Citgo Petroleum tarnishes hockey’s power play like Charlie Sheen’s “winning” makes that word a defacto punch line even when used in a conventional context. Just try telling someone the Cubs are winning in the sixth inning on Opening Day without suddenly remembering that you have to hurry up and get tickets to see Charlie Sheen April 3 at the Chicago Theater.
The Citgo Petroleum power play breaks a corollary of the Golden Rule that states you treat others as you would have them treat you. You don’t pull on Superman’s cape, tug the mask of the old Lone Ranger or use the term Citgo Petroleum when you are chatting among friends about the Blackhawks game last night. The coach doesn’t give a pep talk between periods or draw a diagram including Citgo Petroleum when saying that the Hawks should ratchet it up a notch on the power play.
As a matter of fact, the only time you hear the Motorola empty expression Citgo Petroleum power play is during a radio broadcast of the Hawks game by the terribly verbose John Wiedeman, who has simply got to be in cahoots with Citgo Petroleum, just as I am in cahoots with Motorola Corporation, sponsor of my use of the word “empty.” I will say it again, “Motorola empty,” and now Motorola owes me ten dollars, or more precisely twenty dollars since technically I mentioned Motorola four times at five dollars per.
To Citgo Petroleum’s credit, the spiritless gasoline company gains significant name recognition by its mere mention on the Hawks power play. But does the soulless giant actually gain customers who happen to be driving with the Hawks game on the radio? If you’re driving down the road running low on gas while the Hawks are on the Citgo Petroleum power play, you aren’t likely to shift gears and seek out only a Citgo station, although you might shift gears if you are driving a car with a stick shift and you’re approaching a red light, or a Shell station.

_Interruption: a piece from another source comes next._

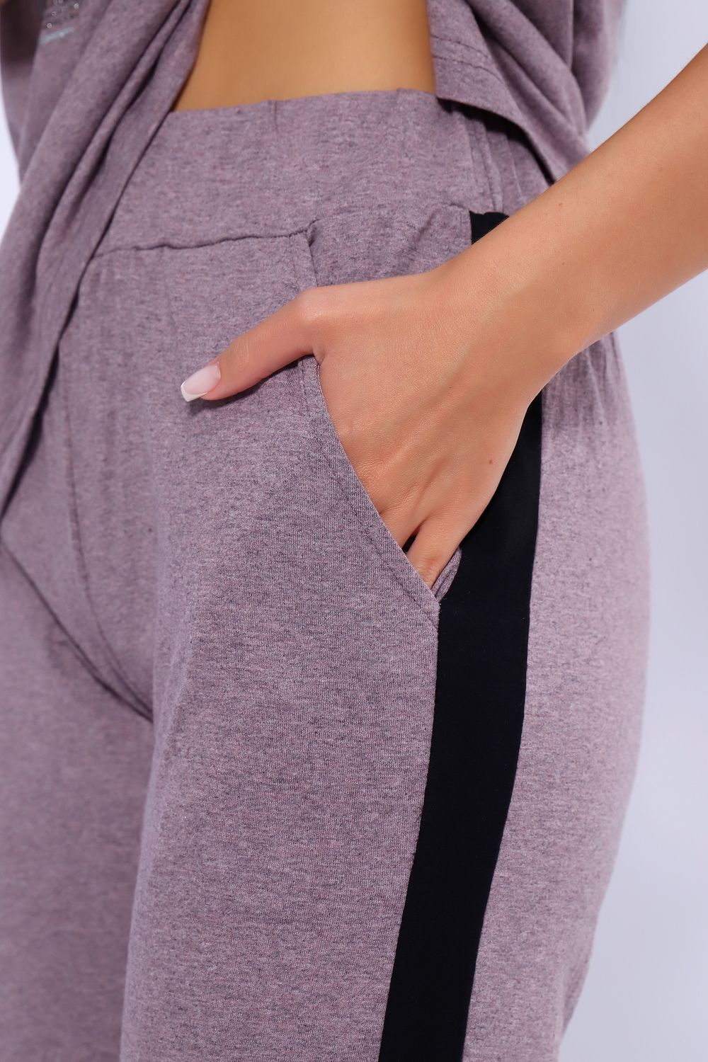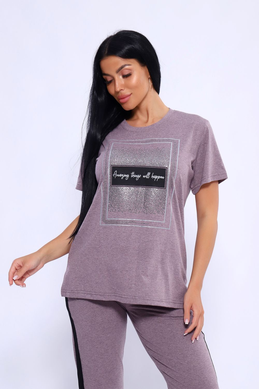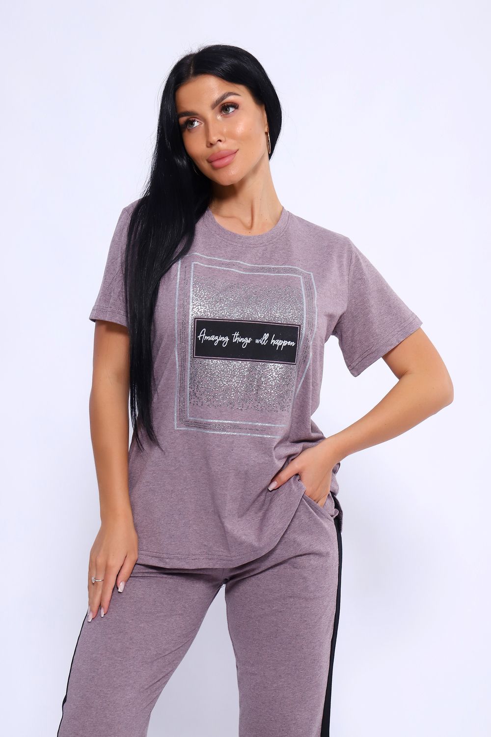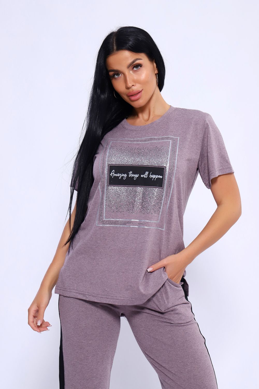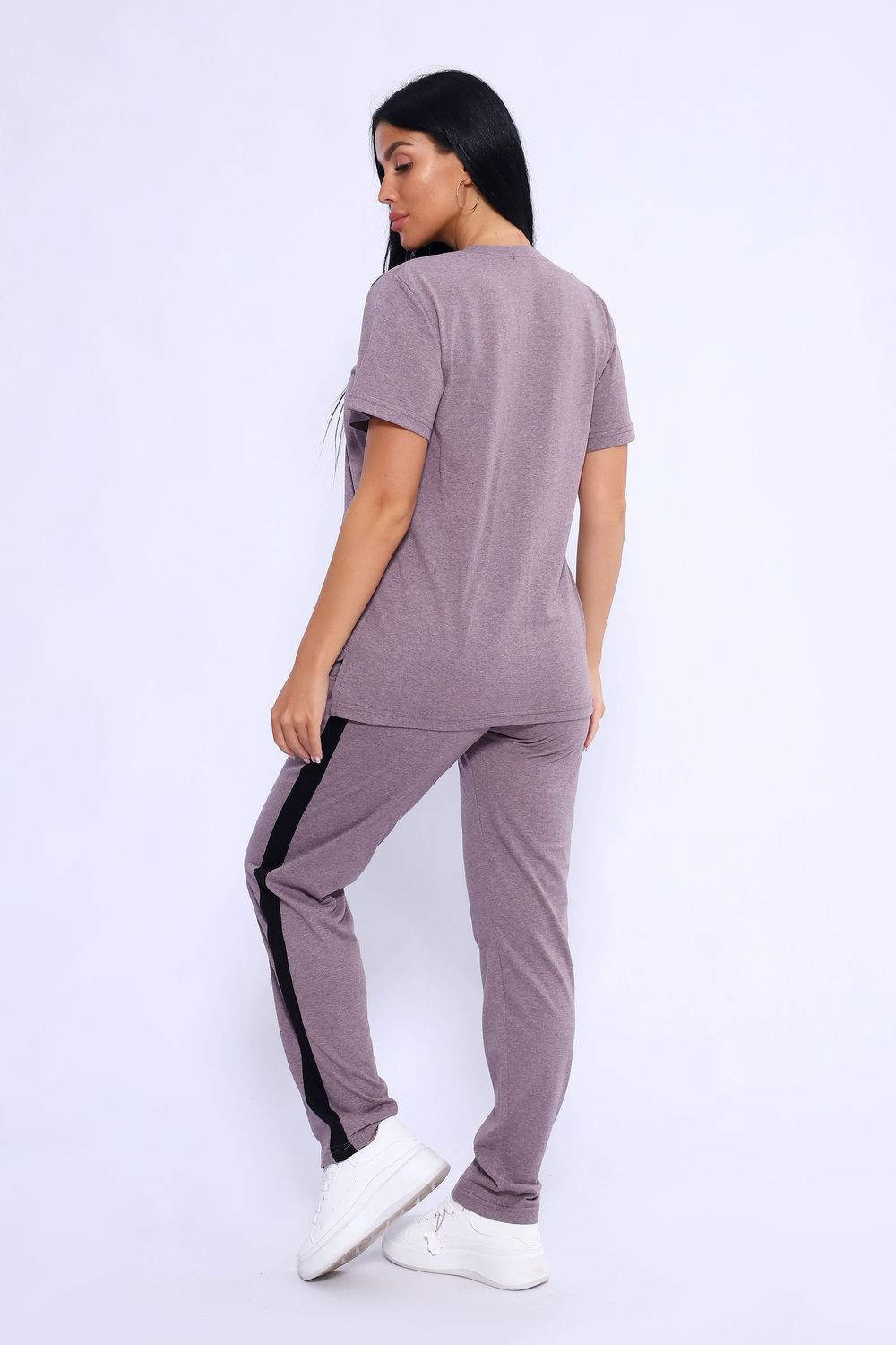 Классический и удобный трикотажный костюм с брюками из легкой хлопковой ткани! В комплекте костюма представлены кофта свободного кроя и брюки универсальной посадки с лампасами по бокам. Кофта украшена лаконичным принтом. Костюм - идеальный вариант домашней одежды для женщин, также прекрасно подойдет и для повседневной носки.

I can’t wait until the Blackhawks switch sponsors and the voices of the team have to force themselves into a new term. Pat Hughes slipped up a few times last season when Jiffy Lube stopped sponsoring Cubs pitching changes. It would be a real boost to all of us in these trying times to hear Citgo Petroleum power play during a Hawks radio broadcast when in fact the sponsor of their power changed to Winning or Tiger’s Blood.